_ACTIVITY_
From the line containing "The pattern of" to the line containing "2. An unusually" in the entries below, reproduce every line exactly, ends included. Nothing else belongs in the copy, and no pictures.

_DATA PROVIDED_
══════════════════════════════
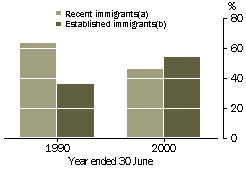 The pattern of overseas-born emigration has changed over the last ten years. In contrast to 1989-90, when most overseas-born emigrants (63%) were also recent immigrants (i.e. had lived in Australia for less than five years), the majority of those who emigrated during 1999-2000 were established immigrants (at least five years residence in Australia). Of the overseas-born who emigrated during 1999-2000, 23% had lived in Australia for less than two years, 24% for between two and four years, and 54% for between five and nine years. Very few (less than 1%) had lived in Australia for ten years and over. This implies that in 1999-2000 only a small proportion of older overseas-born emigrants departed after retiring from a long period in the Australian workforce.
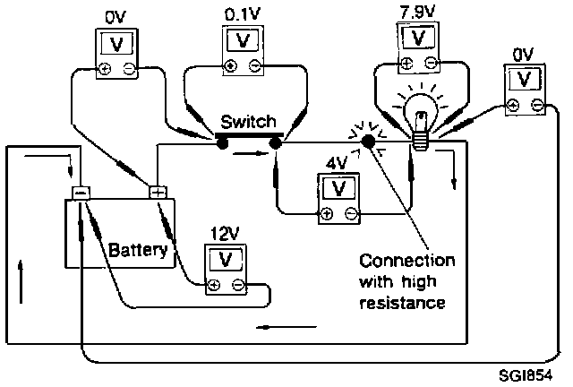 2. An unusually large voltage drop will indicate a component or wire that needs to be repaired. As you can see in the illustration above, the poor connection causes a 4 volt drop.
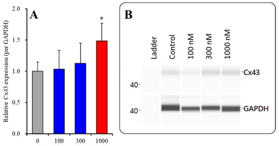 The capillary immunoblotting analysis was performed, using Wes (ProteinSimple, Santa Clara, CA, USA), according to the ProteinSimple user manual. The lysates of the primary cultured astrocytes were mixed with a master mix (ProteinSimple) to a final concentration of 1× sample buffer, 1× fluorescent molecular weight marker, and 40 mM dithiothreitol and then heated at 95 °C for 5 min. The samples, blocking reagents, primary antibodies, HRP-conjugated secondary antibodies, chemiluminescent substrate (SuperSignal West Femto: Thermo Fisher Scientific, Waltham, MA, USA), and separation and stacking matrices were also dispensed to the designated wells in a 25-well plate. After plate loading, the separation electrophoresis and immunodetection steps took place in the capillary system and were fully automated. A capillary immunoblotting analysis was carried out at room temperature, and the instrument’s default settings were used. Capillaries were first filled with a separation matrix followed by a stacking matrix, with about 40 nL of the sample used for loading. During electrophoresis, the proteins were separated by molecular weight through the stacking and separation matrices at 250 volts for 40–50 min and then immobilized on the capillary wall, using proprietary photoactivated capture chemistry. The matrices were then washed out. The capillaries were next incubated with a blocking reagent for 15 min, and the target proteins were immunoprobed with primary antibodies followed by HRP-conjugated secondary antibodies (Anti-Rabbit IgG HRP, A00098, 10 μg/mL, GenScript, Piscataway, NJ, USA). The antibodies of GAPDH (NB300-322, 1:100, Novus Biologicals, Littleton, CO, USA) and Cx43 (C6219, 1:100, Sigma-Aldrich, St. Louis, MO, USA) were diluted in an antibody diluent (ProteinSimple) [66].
══════════════════════════════
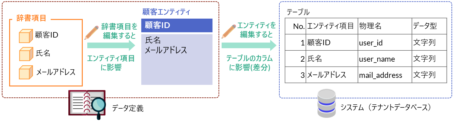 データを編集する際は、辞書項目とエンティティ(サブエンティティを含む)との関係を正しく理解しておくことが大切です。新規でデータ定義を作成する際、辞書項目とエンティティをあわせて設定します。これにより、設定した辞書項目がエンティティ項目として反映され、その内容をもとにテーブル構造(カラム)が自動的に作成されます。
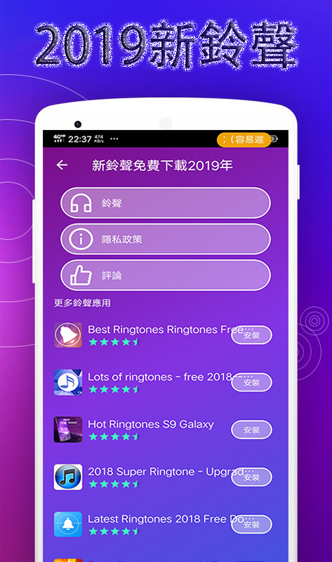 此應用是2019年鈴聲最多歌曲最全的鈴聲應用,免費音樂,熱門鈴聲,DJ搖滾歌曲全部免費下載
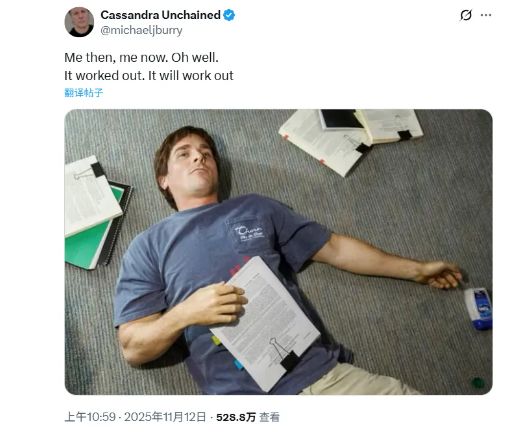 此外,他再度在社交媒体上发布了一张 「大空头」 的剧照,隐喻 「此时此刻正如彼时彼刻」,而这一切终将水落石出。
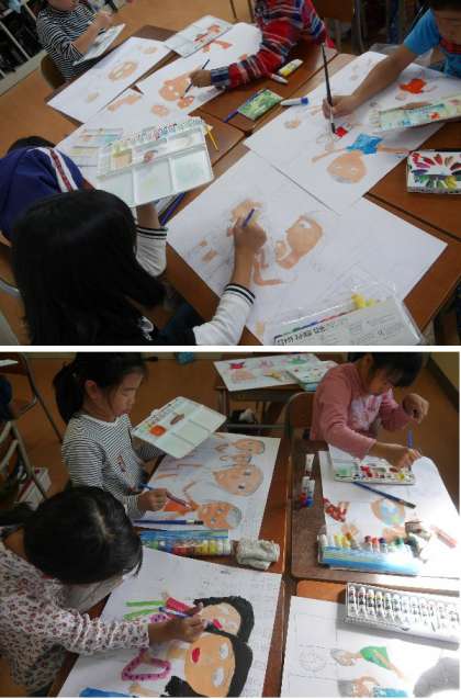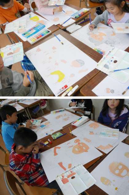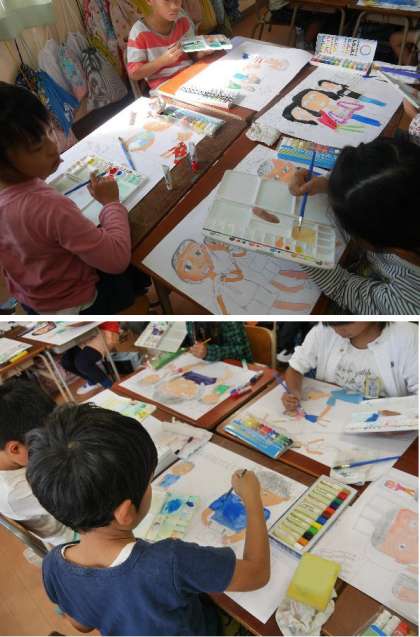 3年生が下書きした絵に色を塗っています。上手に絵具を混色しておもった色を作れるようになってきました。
══════════════════════════════
_RESPONSE TO THIS TASK_
 The pattern of overseas-born emigration has changed over the last ten years. In contrast to 1989-90, when most overseas-born emigrants (63%) were also recent immigrants (i.e. had lived in Australia for less than five years), the majority of those who emigrated during 1999-2000 were established immigrants (at least five years residence in Australia). Of the overseas-born who emigrated during 1999-2000, 23% had lived in Australia for less than two years, 24% for between two and four years, and 54% for between five and nine years. Very few (less than 1%) had lived in Australia for ten years and over. This implies that in 1999-2000 only a small proportion of older overseas-born emigrants departed after retiring from a long period in the Australian workforce.
 2. An unusually large voltage drop will indicate a component or wire that needs to be repaired. As you can see in the illustration above, the poor connection causes a 4 volt drop.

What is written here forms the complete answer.